TASK DETAILS -
Omitting every picture, copy the lines from the one that contains "وينقسم الحديث الصحيح" through the last line of the records below, exactly and with nothing added.

DATA SHOWN -

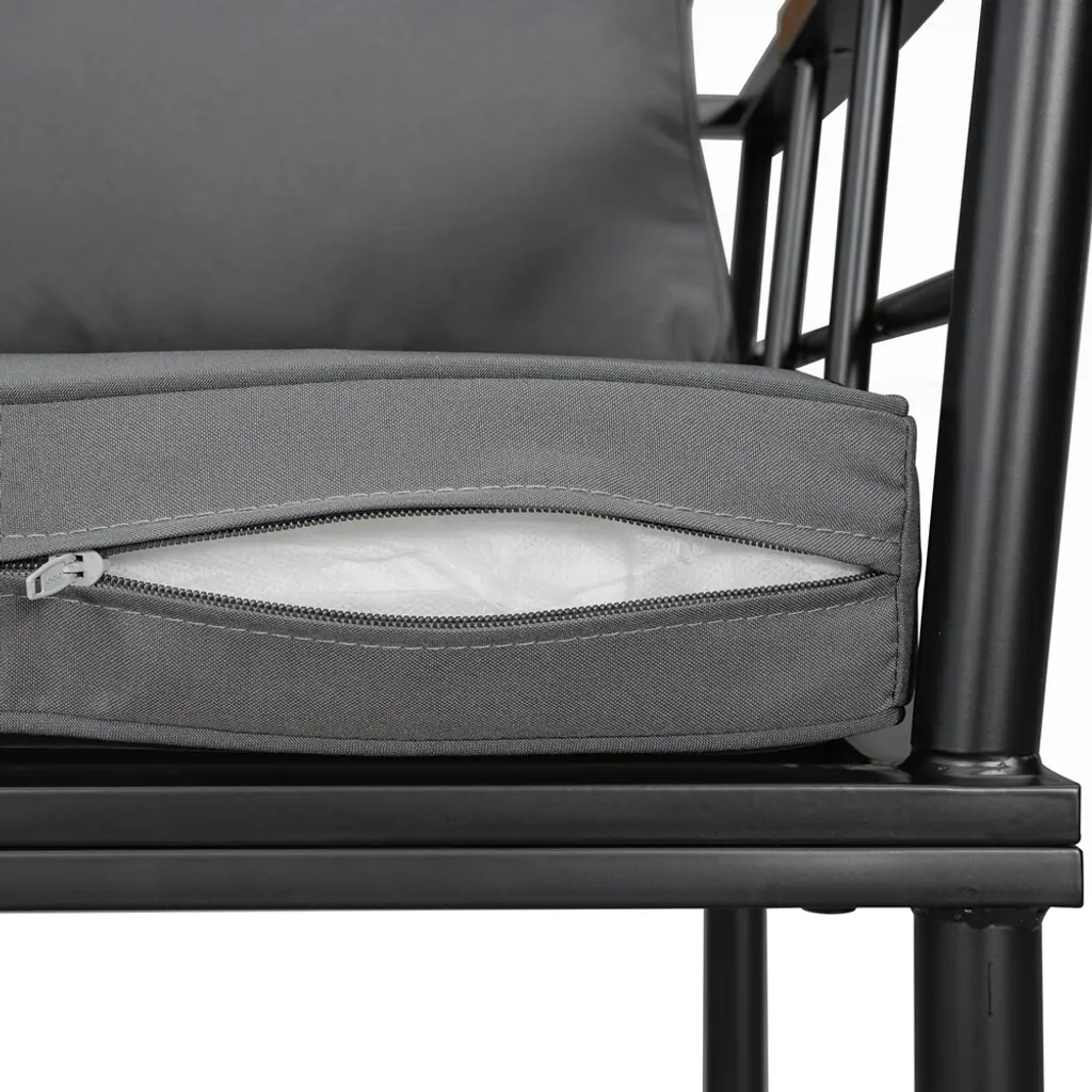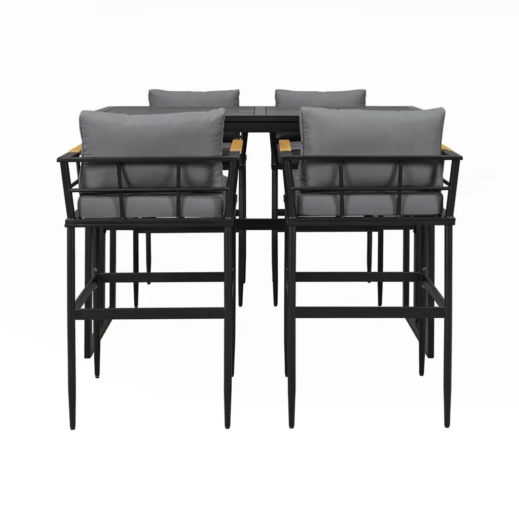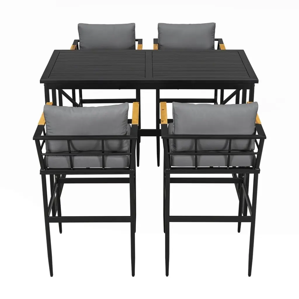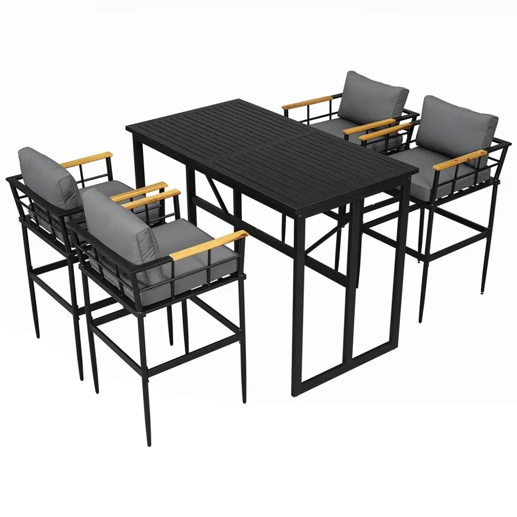 Product Features [Easy Assembly] The set comes with easy-to-follow instructions and necessary hardware for quick assembly, so you can start enjoying your outdoor dining experience in no time. [Ergonomic Support Design, All-Day Comfort]: Each chair is equipped with thickened high-density foam cushions and contoured backrests. Whether hosting barbecues, enjoying afternoon tea, or working outdoors, the cloud-like comfort ensures every moment becomes a relaxing retreat. [Classic Material Combination]: The outdoor dining set features a sturdy iron frame paired with natural acacia wood armrests, blending modern aesthetics with natural charm. Its design effortlessly infuses an elegant touch into gardens, patios, or terraces, making it a striking focal point for any outdoor space. [Versatile Combo for Diverse Settings]: Perfectly adaptable to patios, gardens, villa courtyards, and beyond, this dining set seamlessly integrates into various outdoor environments. Its harmonious design enhances any setting, creating a cohesive and inviting atmosphere for gatherings or quiet moments alike.
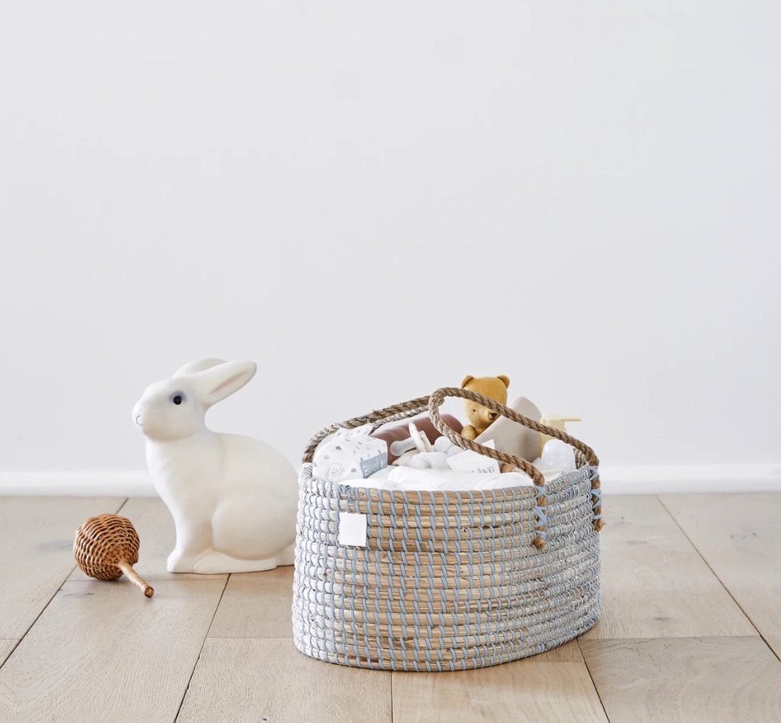 The LILY diaper caddy organizer was designed to be not just beautiful but also super practical by keeping all the baby essentials organized. It's versatile, as it can be used for many different stages from baby to child. The basket is made in sustainable and eco-friendly seagrass with a recycled plastic weave and features a removable divider in a cotton canvas. You can easily remove this at any time to convert to a toy basket, picnic basket or multipurpose basket to use long after diaper changes are over. Made in premium, durable & sustainable seagrass; Removable divider; Sturdy and extra long rope handles for easy handling; Multiple Uses- it can be used as toy basket or any type of multipurpose basket around the home; Size: L 16 x W 11 x H 7 inches. May have slight variations from basket to basket due to their unique hand vowed nature. ; Weight 2.6 lb; Made by Mamas for Mamas: Our Vietnamese artisan mamas work out of the comfort of their own homes and make our baskets while looking after their small children and running the household. They take pride in the production of our handmade products, and their skill ensures the reliable quality of our brand. When bringing a BEBE BASK piece in to your home, you support local Vietnamese artisans and their families by creating an income and ensuring the continuation of the fine art of craftsmanship. Handmade: Each and every single piece has natural imperfections that create it's 'one of a kind' beauty, so you'll never find another just like yours. Variations in color and finish is normal and not considered as faults. Care Instructions: The surface of the natural seagrass can easily be wiped with a damp cloth and left to air dry in an open area. Divider: Spot clean only.
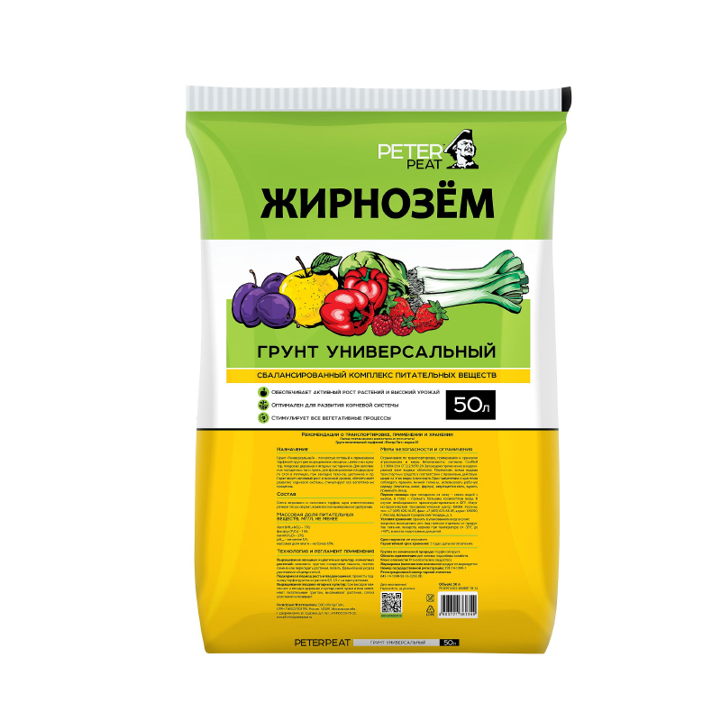 Грунт Peter Peat Универсальный "Жирнозем". Полностью готовый к применению торфяной грунт для выращивания всех видов овощных, цветочных культур, плодовых деревьев и ягодных кустарников. Для заполнения посадочных ям и лунок, для формирования плодородного слоя в теплицах, при закладке газонов, цветников и пр. Гарантирует активный рост и высокий урожай, обеспечивает развитие корневой системы, стимулирует все вегетативные процессы.
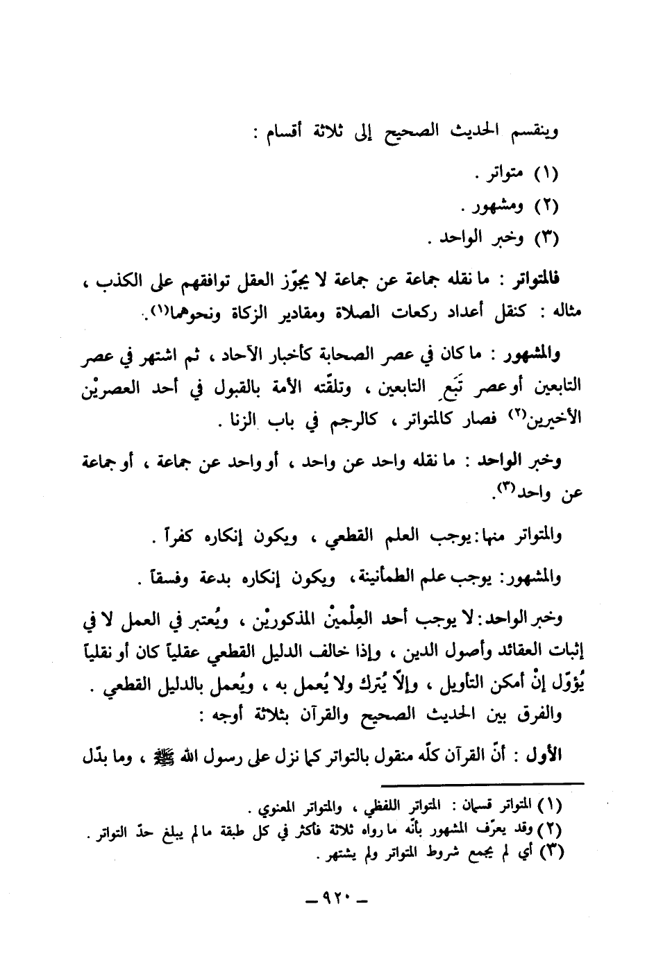 وينقسم الحديث الصحيح إلى ثلاثة أقسام متواتر [1] ومشهور [2] وخبر الواحد [3] فالمتواتر ما نقله جماعة عن جماعة لا يجوز العقل توافقهم على الكذب، مثاله كنقل أعداد ركعات الصلاة ومقادير الزكاة ونحوهما. والمشهور ما كان في عصر الصحابة كأخبار الآحاد ثم اشتهر في عصر التابعين أو عصر تبع التابعين وتلقته الأمة بالقبول في أحد العصرين الأخيرين فصار كالمتواتر، كالرجم في باب الزنا. وخبر الواحد ما نقله واحد عن واحد أو واحد عن جماعة أو جماعة عن واحد، والمتواتر منها يوجب العلم القطعي ويكون إنكاره كفراً، والمشهور يوجب علم الطمأنينة ويكون إنكاره بدعة وفسقاً، وخبر الواحد لا يوجب أحد العلمين المذكورين ويعتبر في العمل لا في إثبات العقائد وأصول الدين. وإذا خالف الدليل القطعي عقلياً كان أو نقلياً يؤول إن أمكن التأويل، وإلا يترك ولا يعمل بالدليل العقلي. والفرق بين الحديث الصحيح والقرآن بثلاثة أوجه: الأول أن القرآن كله منقول بالتواتر كما نزل على رسول الله صلى الله عليه وسلم وما بدل
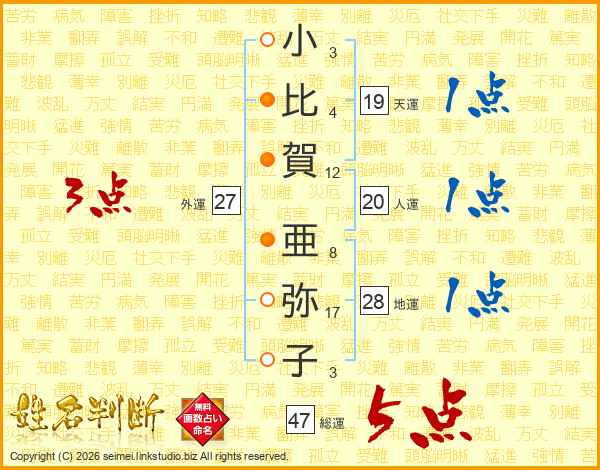 小比賀亜弥子さんの総運は47画の5点!

RESULT OF THIS TASK -
 وينقسم الحديث الصحيح إلى ثلاثة أقسام متواتر [1] ومشهور [2] وخبر الواحد [3] فالمتواتر ما نقله جماعة عن جماعة لا يجوز العقل توافقهم على الكذب، مثاله كنقل أعداد ركعات الصلاة ومقادير الزكاة ونحوهما. والمشهور ما كان في عصر الصحابة كأخبار الآحاد ثم اشتهر في عصر التابعين أو عصر تبع التابعين وتلقته الأمة بالقبول في أحد العصرين الأخيرين فصار كالمتواتر، كالرجم في باب الزنا. وخبر الواحد ما نقله واحد عن واحد أو واحد عن جماعة أو جماعة عن واحد، والمتواتر منها يوجب العلم القطعي ويكون إنكاره كفراً، والمشهور يوجب علم الطمأنينة ويكون إنكاره بدعة وفسقاً، وخبر الواحد لا يوجب أحد العلمين المذكورين ويعتبر في العمل لا في إثبات العقائد وأصول الدين. وإذا خالف الدليل القطعي عقلياً كان أو نقلياً يؤول إن أمكن التأويل، وإلا يترك ولا يعمل بالدليل العقلي. والفرق بين الحديث الصحيح والقرآن بثلاثة أوجه: الأول أن القرآن كله منقول بالتواتر كما نزل على رسول الله صلى الله عليه وسلم وما بدل
 小比賀亜弥子さんの総運は47画の5点!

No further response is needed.